_DATASET SECTION_.
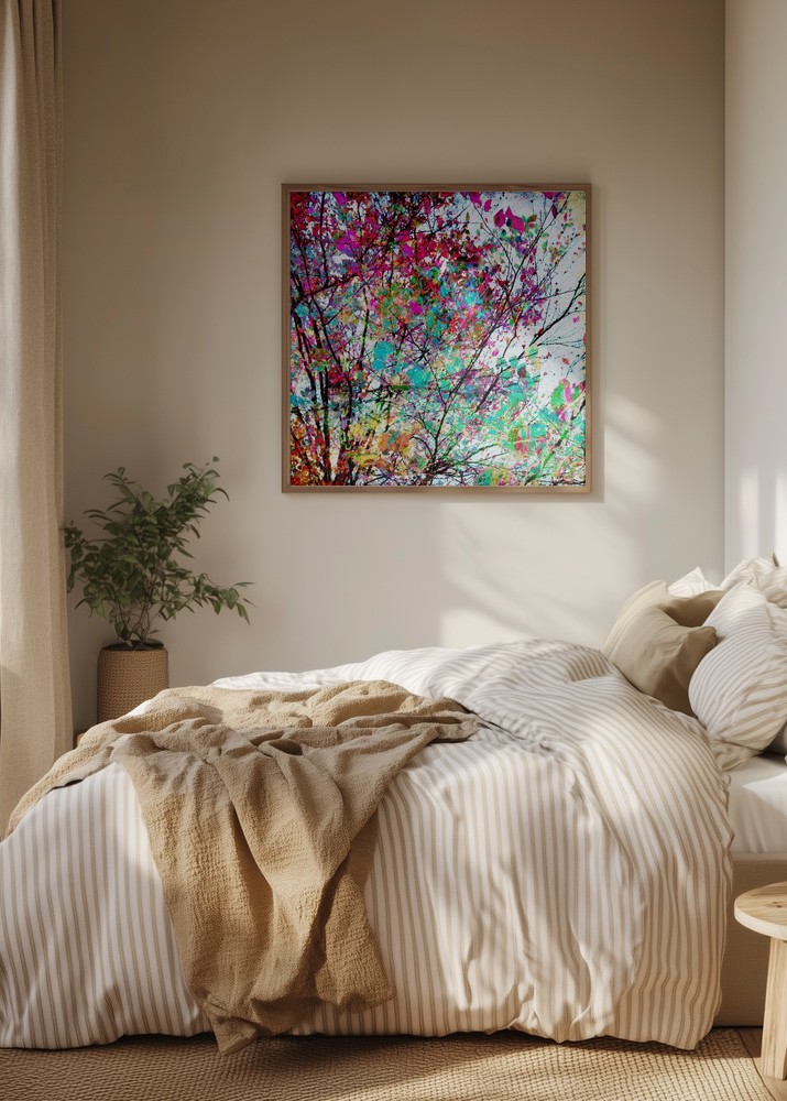 Denna levande poster fångar essensen av naturens skönhet genom ett färgstarkt och dynamiskt motiv. Grenarnas invecklade mönster sträcker sig över hela printen och skapar en fascinerande visuell upplevelse. Perfekt för att liva upp vilket rum som helst, denna affisch införlivar en känsla av både energi och lugn. Motivet är en abstrakt tolkning av trädens skönhet, något som säkert kommer att dra blickar och inspirera samtal.
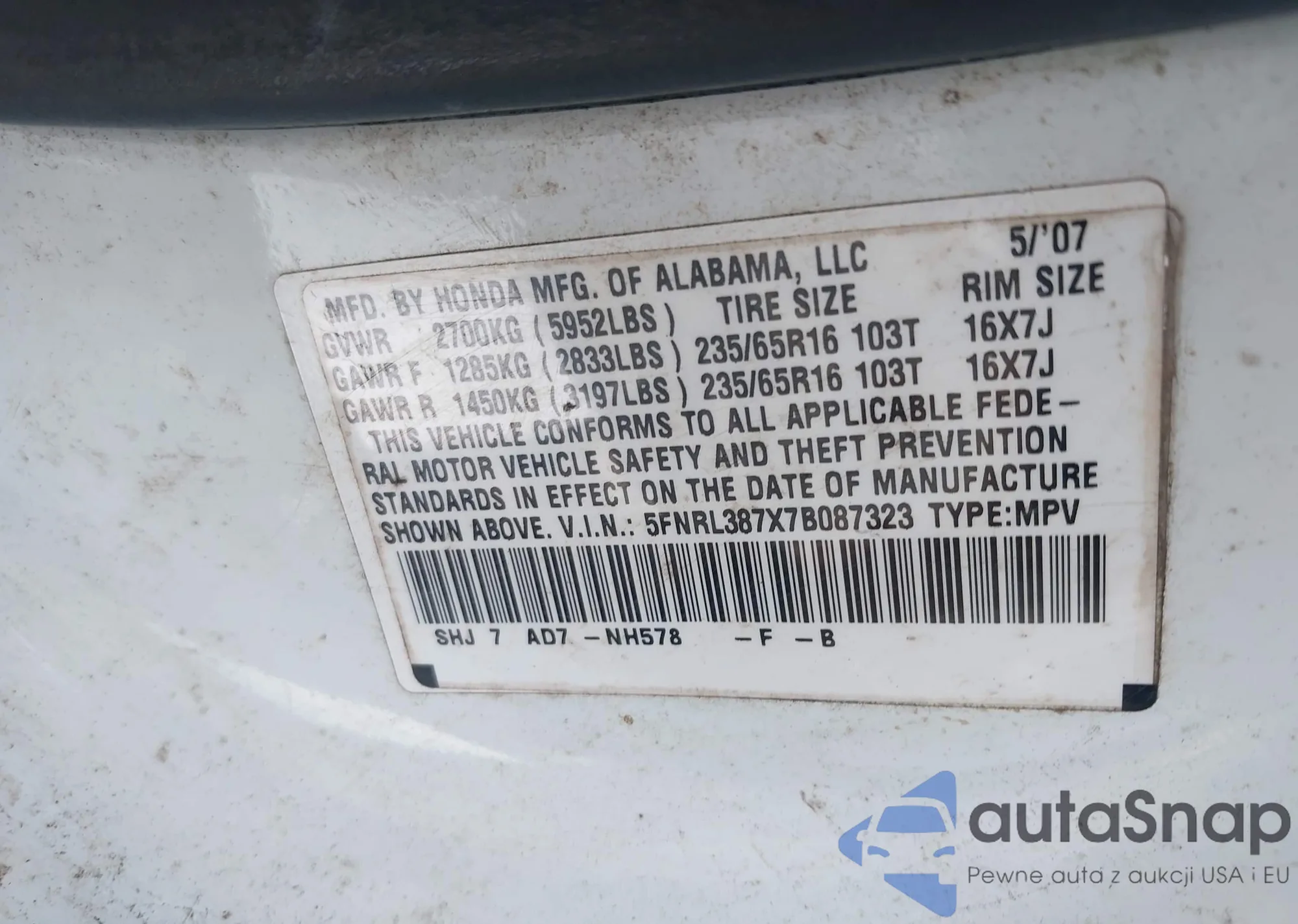 VIN: 5FNRL387X7B087323
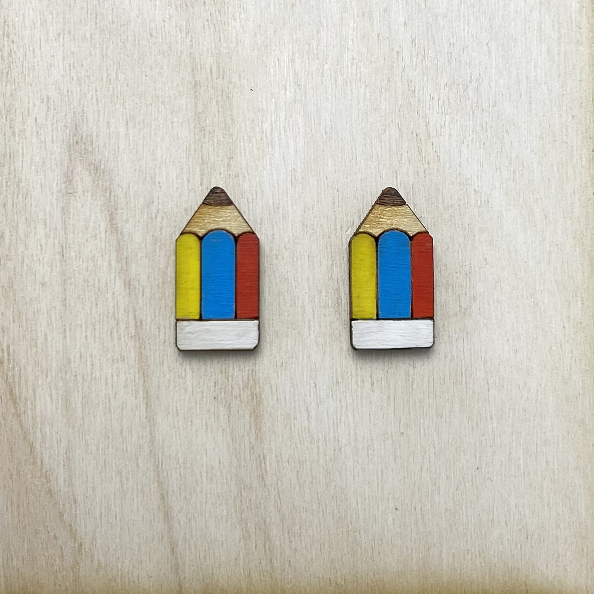 Ξύλινα σκουλαρίκια με σχέδιο μολυβιού.

_WORK REQUEST_.
Retype the listing above exactly, please. Pictures do not belong in the copy.

_RESPONSE_.
 Denna levande poster fångar essensen av naturens skönhet genom ett färgstarkt och dynamiskt motiv. Grenarnas invecklade mönster sträcker sig över hela printen och skapar en fascinerande visuell upplevelse. Perfekt för att liva upp vilket rum som helst, denna affisch införlivar en känsla av både energi och lugn. Motivet är en abstrakt tolkning av trädens skönhet, något som säkert kommer att dra blickar och inspirera samtal.
 VIN: 5FNRL387X7B087323
 Ξύλινα σκουλαρίκια με σχέδιο μολυβιού.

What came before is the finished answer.